A solution of (2R,3R,4R,5R)-2-(4-Amino-5-bromo-7H-pyrrolo[2,3-d]pyrimidin-7-yl)-5-(hydroxymethyl)tetrahydrofuran-3,4-diol (2) (160 mg, 0.463 mmol) in hexamethylphosphoramide (2 mL) was cooled to 0 °C. Thionyl chloride (0.202 mL, 2.78 mmol) was added dropwise with stirring, and after 10 min, the solution was warmed to rt and stirred a further 18 h. Following dilution with water (5 mL) and adjustment to pH = 8 with aqueous NaOH solution (1 M), the aqueous layer was extracted with EtOAc (3 × 5 mL). The combined organic extracts were dried (Na₂SO₄), filtered, and concentrated under reduced pressure to afford the crude nucleoside. This material was then dissolved in CH₂Cl₂ and triturated with hexanes to produce a precipitate. The precipitate was collected by filtration, providing pure (3) as an off-white solid (102 mg, 61%). TLC (silica gel, CH₂Cl₂/MeOH 6:1): R_f = 0.45. LRMS (ESI): 362.1, 364.0 and 365.9 [M+H]⁺ .

Step D: (DL)- and (L)-2-Amino-4-(((2S,3S,4R,5R)-5-(4-amino-5-bromo-7H-pyrrolo[2,3-d]pyrimidin-7-yl)-3,4-dihydroxy-tetrahydrofuran-2-yl)methylthio)butanoic acid (4a and 4b)

To a solution of DL- or L-homocysteine (26 mg, 0.19 mmol) in 1 N NaOH/H₂O (0.60 mL) was added (2R,3R,4R,5R)-2-(4-amino-5-bromo-7H-pyrrolo[2,3-d]pyrimidin-7-yl)-5-(chloromethyl)tetrahydrofuran-3,4-diol (3) (50 mg, 0.14 mmol) and KI (10 mg).

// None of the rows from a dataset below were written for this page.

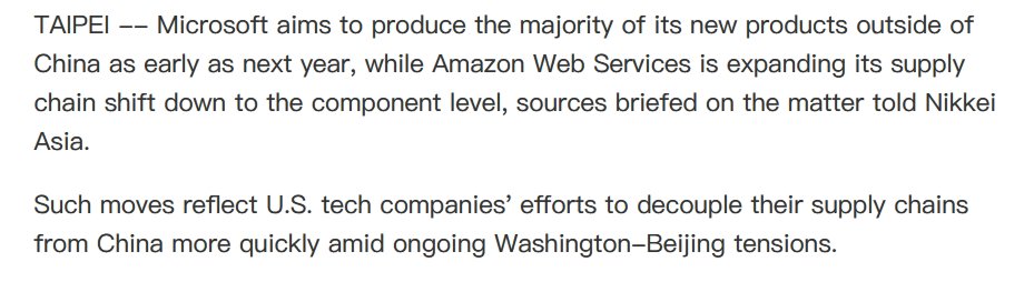 日经亚洲:微软计划最早明年在中国以外生产其大部分新产品。知情人士透露,知情人士称,微软已要求多家供应商帮助准备从明年开始将Surface笔记本电脑和数据中心服务器的生产“移出中国”,包括关键部件和组装。另有消息称,微软要求至少80%的服务器物料清单(BOM)来自中国境外。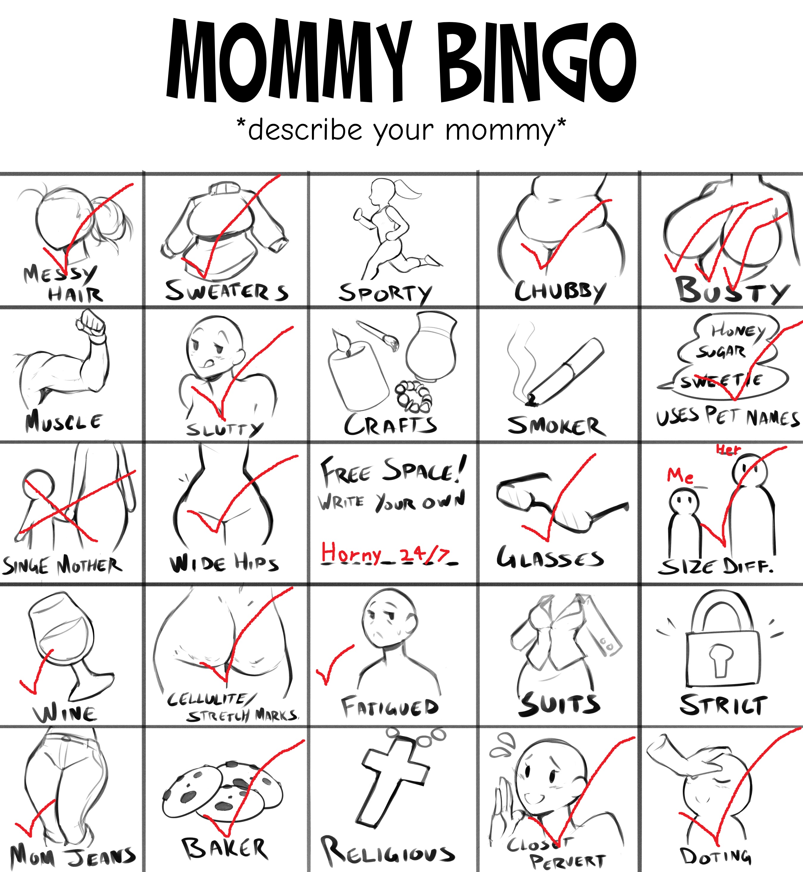 >>83941551>Could you expand on your childhood with her? I was the result of a short fling with a guy who took off as soon as she found out she was pregnant. I dont think she ever wanted to have a kid. She never seemed like the type of person who had any idea how to take care of herself on her own, at least not "well". I dont think she was ever diagnosed with anything but i suspect now she might have had bipolar and maybe aspergers. She was very awkward and nervy and always up and down from soft and gentle and miserable and crying.She wasnt a bad mom. She loved me, but didnt say it much. She wasnt a big talker, house was always very quiet. She always made sure i was fed, but there was never proper "meal times", just whenever she remembered, i guess. She got our house from our grandparents when they passed, and made okay enough money at her job to make sure i never did without. House was always in disarray. We never had guests.>Were you always very close with her? Not really. She never really knew what to do with me when i was little. She didnt neglect me, but there wasnt a lot of kisses or hugs. She would take me to the park, but then just sit on the bench the whole time and not say anything. Take me to the fair and just walk me from ride to ride. Kinda always felt like she was just copying what she saw other parents did. We would watch movies together in the evening and thats usually when she would talk the most, pointing out stuff to me. She breastfed me until i was seven or eight or something like that, and it only stopped because i found out that it wasnt typical somehow and asked to stop. I dont remember it being a big deal to her.>Also could you fill out this chart?Attached it on the side. Small checks are "kind-ofs", examples being that she was heavier, but not as chubby as the example, and she wore "mom jeans" sometimes, but more often sweatpants.>>83943112H, but tits more like G. They were huge, especially because she was really short, 4'10 or 4'11.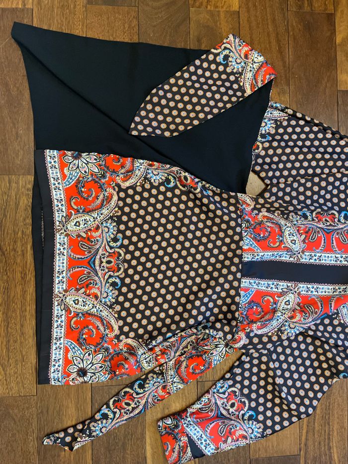 • Robe courte à col rond et manches longues. Jupe style paréo avec nœud. Fermeture à l'arrière avec fente et bouton et zip invisible sur la couture sur le côté. Boutons sur les manches. Couleur noir, rouge, blanc . En parfait état • zara taille xs/34 •84 cm de longueur, 32 cm entre les aisselles • me demander pour une photo portée sur mannequin zara
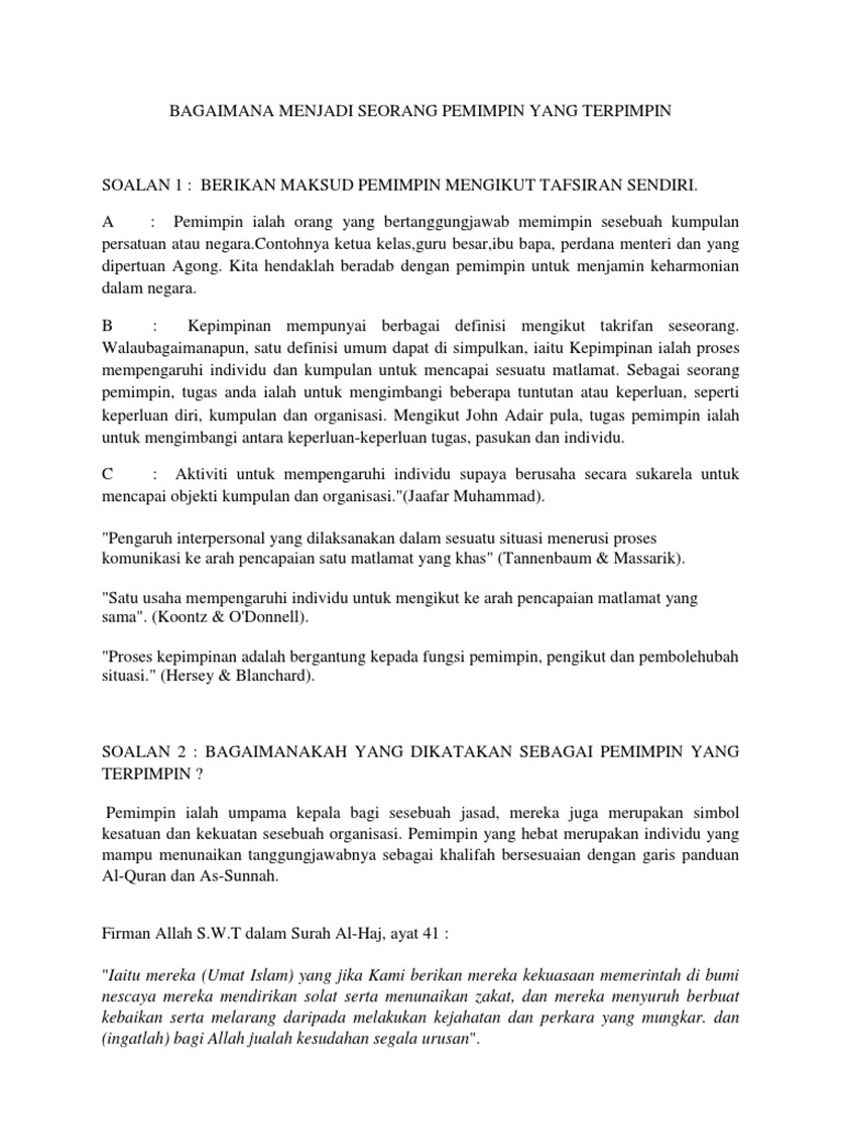 Pdf Pemimpin Dan Kepimpinan Menurut Perspektif Islam Mahani Abdullah Academia Edu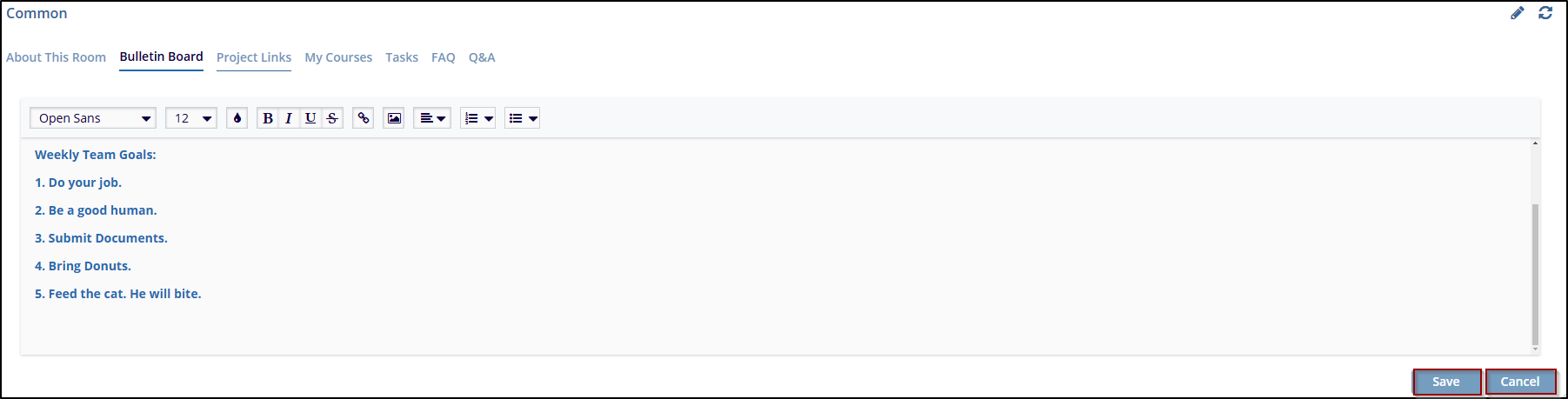 - Navigate to the Common dashboard, and click on the Bulletin Board tab.

The reaction mixture was stirred vigorously at 80 °C for 2 h, cooled to rt, and applied to a column (1 × 15 cm) of Amberlite XAD-4 ion exchange resin. The column was washed [0.2 N NH₄OAc (30 mL); H₂O (20 mL)] and eluted [H₂O (20 mL); ethanol (30 mL)] to afford 4a or 4b as an off-white solid (8 mg, 13% for 4a and 6 mg, 9% for 4b). ¹H NMR (500 MHz, D₂O) δ; 7.89 (s, 1H, 6-H); 7.25 (s, 1H, 2-H); 6.01 (m, 1H, 1′-H); 4.75 (m, 1H, 2′-H); 4.45 (m, 1H, 3′-H); 4.22 (m, 1H, α-H); 4.19 (m, 1H, 4′-H); 3.70 (m, 2H, 5′-H); 2.60 (br t, 2H, γ-H); 2.11 (m, 2H, β-H). LRMS (ESI): 463.0 and 461.1 [M+H]⁺.